> ASSIGNMENT: Using the entries below, copy exactly each line from the line with "विराट की पत्नी" up to and including the line with "Rec room with", with every picture left out.

> MATERIAL FOR THIS TASK:
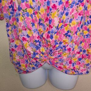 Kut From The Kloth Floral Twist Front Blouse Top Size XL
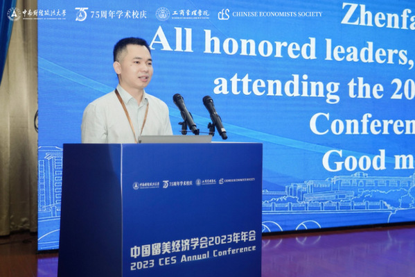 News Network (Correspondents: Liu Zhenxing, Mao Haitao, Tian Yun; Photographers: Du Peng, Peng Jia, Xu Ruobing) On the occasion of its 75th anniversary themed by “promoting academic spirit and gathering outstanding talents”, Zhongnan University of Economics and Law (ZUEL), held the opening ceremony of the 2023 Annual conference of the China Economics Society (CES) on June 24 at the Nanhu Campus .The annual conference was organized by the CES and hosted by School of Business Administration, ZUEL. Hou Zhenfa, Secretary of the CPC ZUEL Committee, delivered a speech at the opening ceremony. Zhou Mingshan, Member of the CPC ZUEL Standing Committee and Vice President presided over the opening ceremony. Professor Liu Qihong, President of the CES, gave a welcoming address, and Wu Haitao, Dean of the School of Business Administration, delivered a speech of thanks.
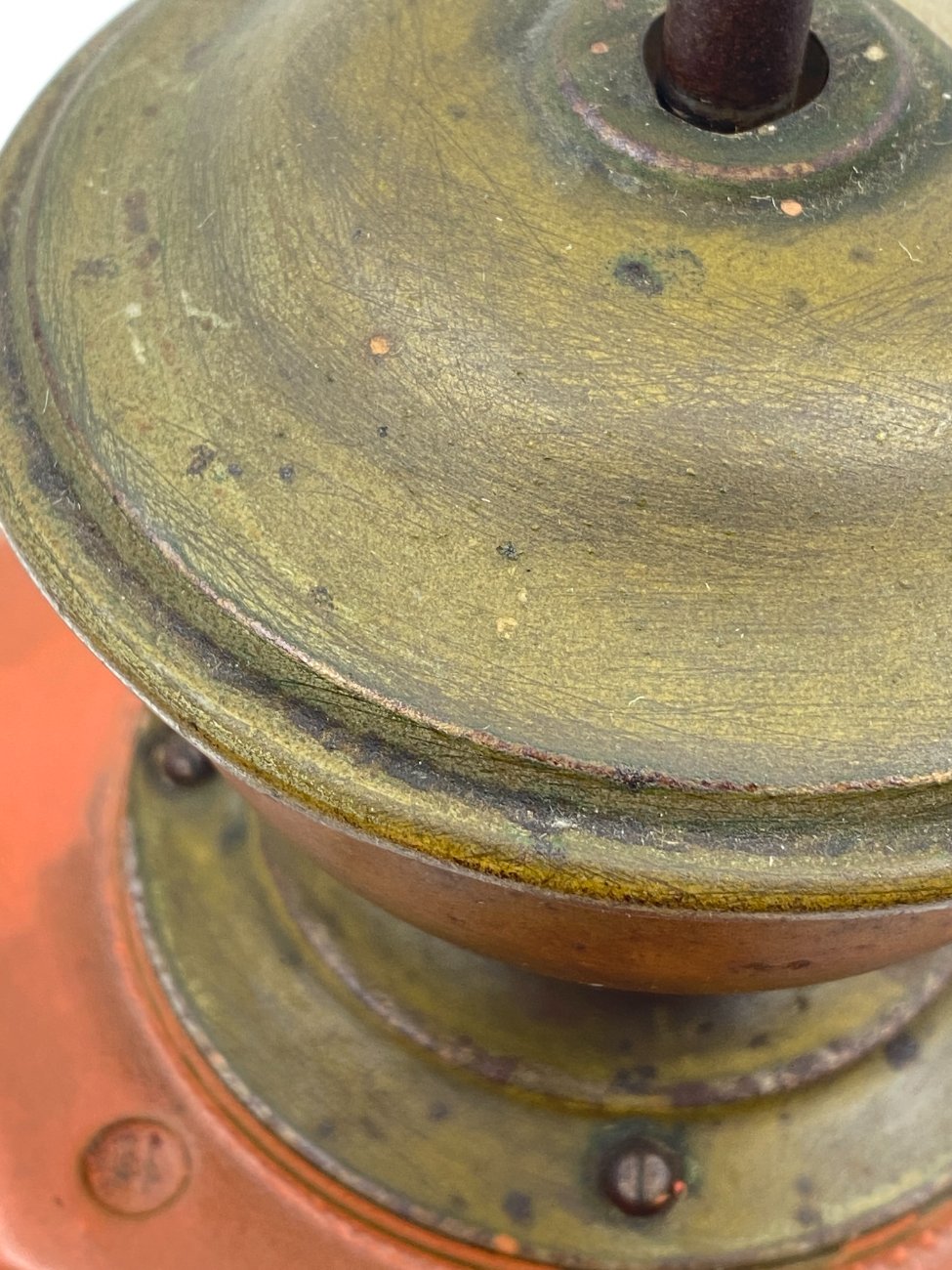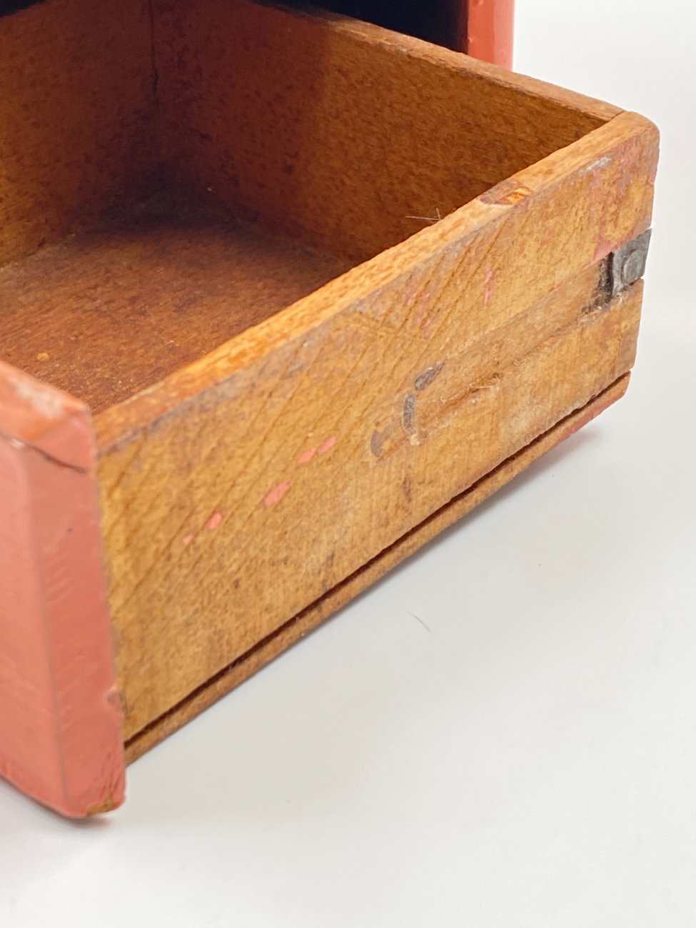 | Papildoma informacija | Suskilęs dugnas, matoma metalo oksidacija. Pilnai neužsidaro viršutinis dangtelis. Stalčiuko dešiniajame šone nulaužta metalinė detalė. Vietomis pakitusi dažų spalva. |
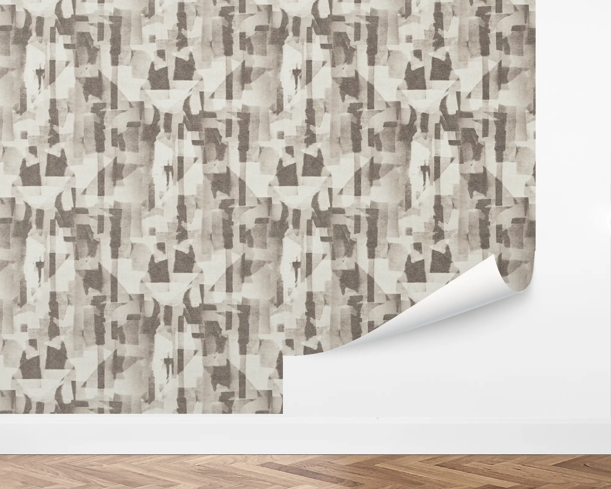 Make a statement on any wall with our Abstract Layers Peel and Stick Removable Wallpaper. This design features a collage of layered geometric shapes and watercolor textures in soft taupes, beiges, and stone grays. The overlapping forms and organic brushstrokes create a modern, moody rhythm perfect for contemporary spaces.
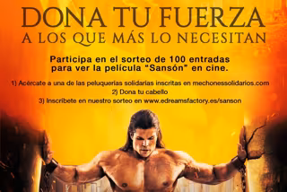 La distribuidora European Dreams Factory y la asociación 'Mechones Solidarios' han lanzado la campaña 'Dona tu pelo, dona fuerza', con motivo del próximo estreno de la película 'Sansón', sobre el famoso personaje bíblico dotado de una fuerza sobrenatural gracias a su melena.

---

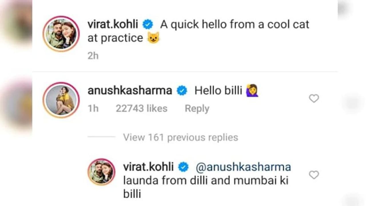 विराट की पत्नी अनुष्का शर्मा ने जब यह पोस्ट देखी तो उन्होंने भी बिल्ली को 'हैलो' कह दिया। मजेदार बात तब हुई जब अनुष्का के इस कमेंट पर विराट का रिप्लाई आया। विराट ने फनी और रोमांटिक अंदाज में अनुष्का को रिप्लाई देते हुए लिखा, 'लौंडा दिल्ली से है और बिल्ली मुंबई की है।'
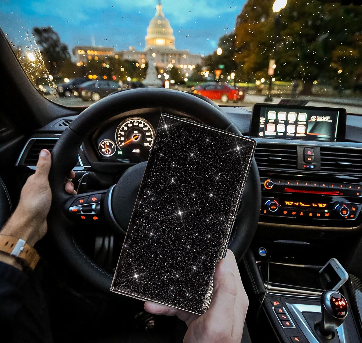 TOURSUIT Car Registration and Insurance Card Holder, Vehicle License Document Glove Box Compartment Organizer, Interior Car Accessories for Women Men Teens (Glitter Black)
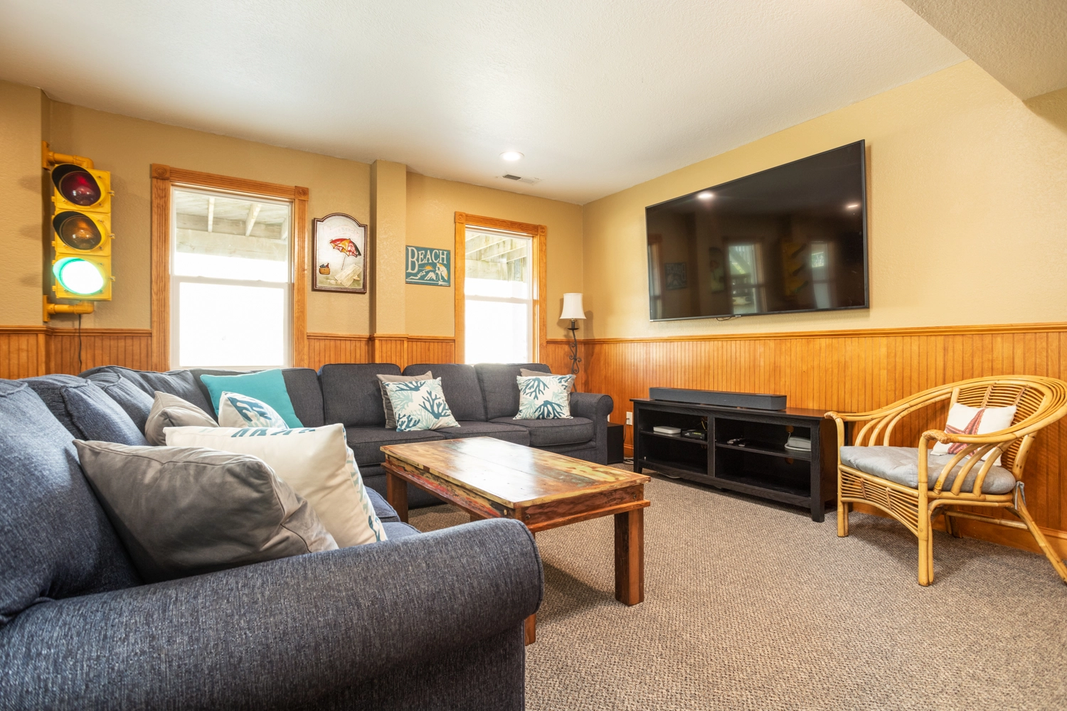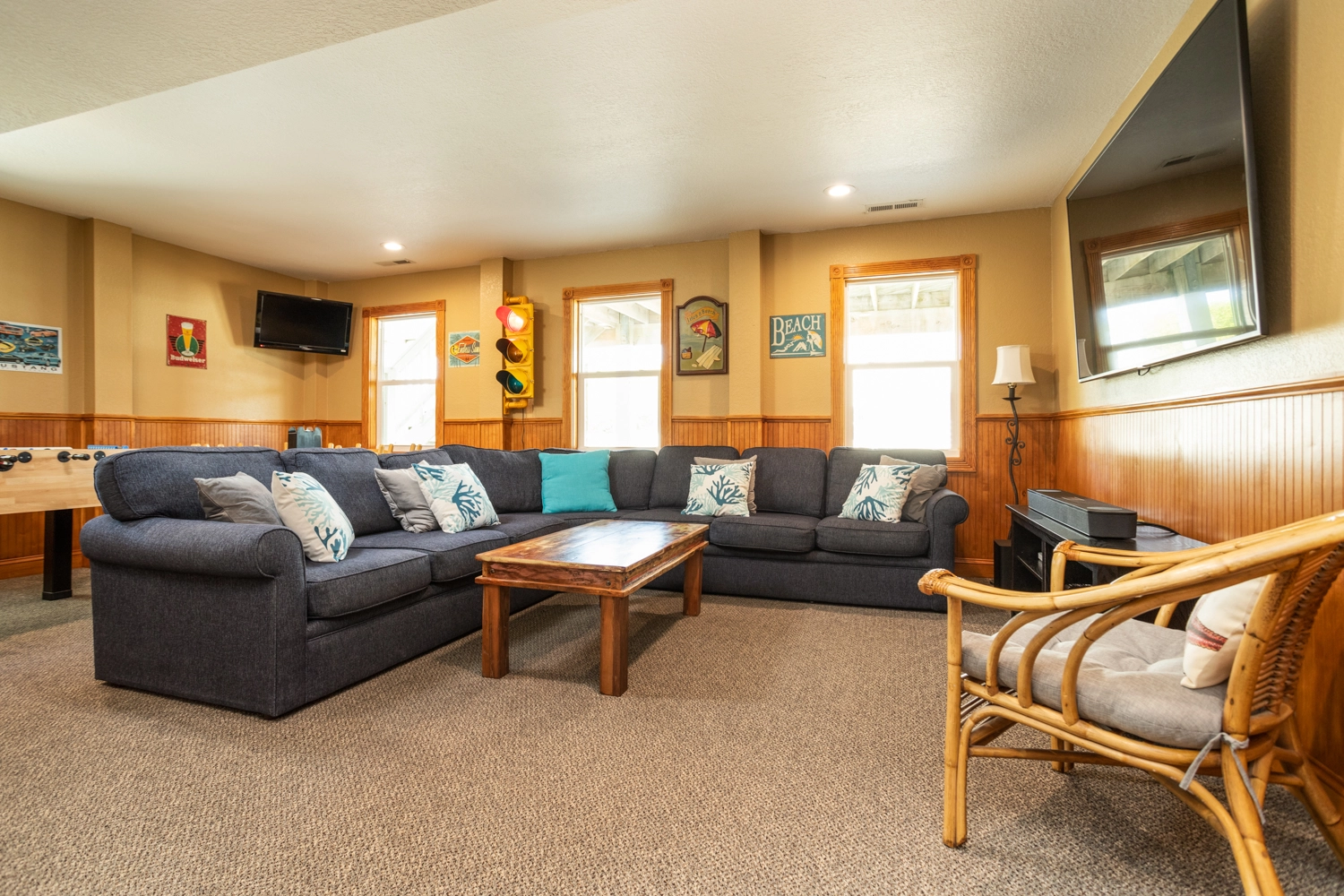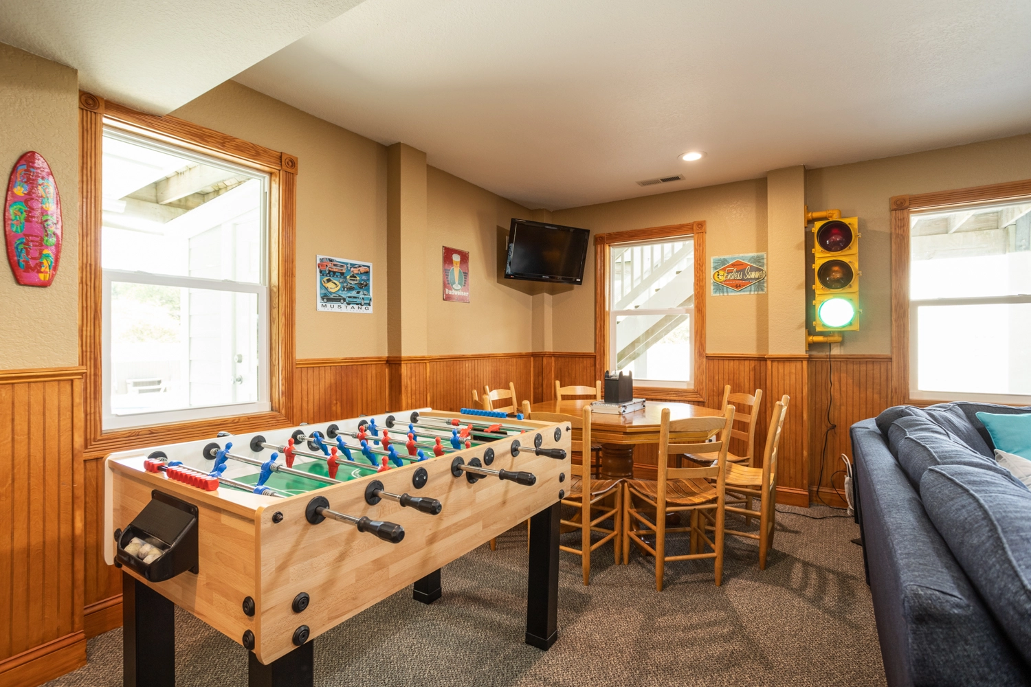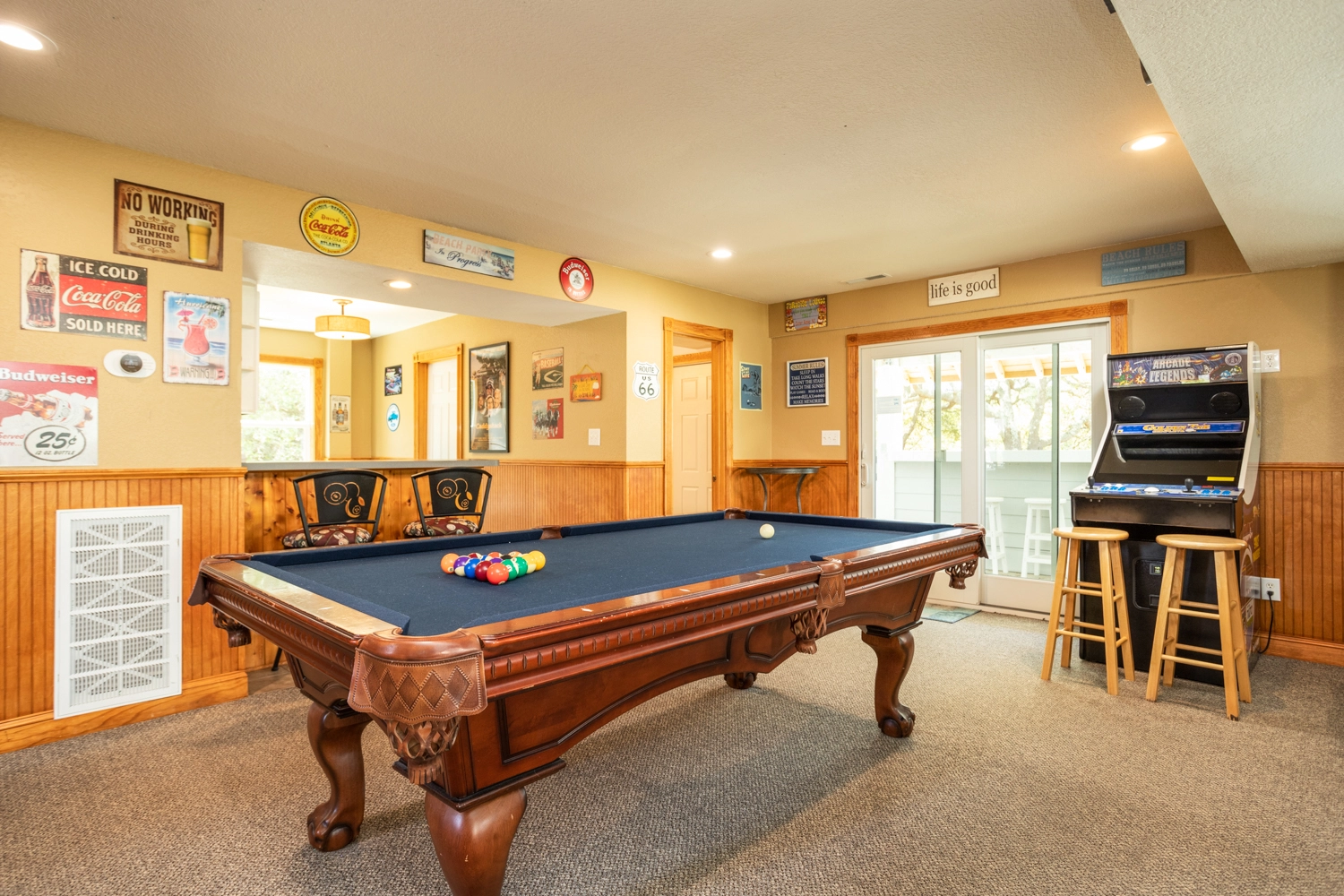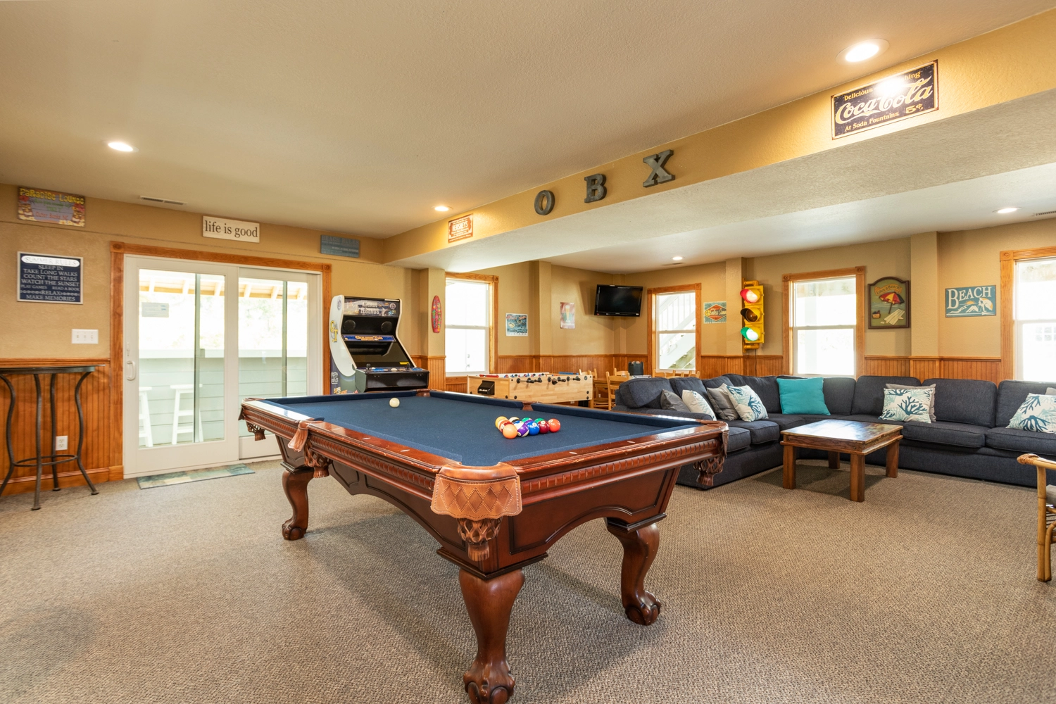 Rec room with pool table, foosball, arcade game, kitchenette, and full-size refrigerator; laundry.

> ANSWER SECTION:
 विराट की पत्नी अनुष्का शर्मा ने जब यह पोस्ट देखी तो उन्होंने भी बिल्ली को 'हैलो' कह दिया। मजेदार बात तब हुई जब अनुष्का के इस कमेंट पर विराट का रिप्लाई आया। विराट ने फनी और रोमांटिक अंदाज में अनुष्का को रिप्लाई देते हुए लिखा, 'लौंडा दिल्ली से है और बिल्ली मुंबई की है।'
 TOURSUIT Car Registration and Insurance Card Holder, Vehicle License Document Glove Box Compartment Organizer, Interior Car Accessories for Women Men Teens (Glitter Black)
 Rec room with pool table, foosball, arcade game, kitchenette, and full-size refrigerator; laundry.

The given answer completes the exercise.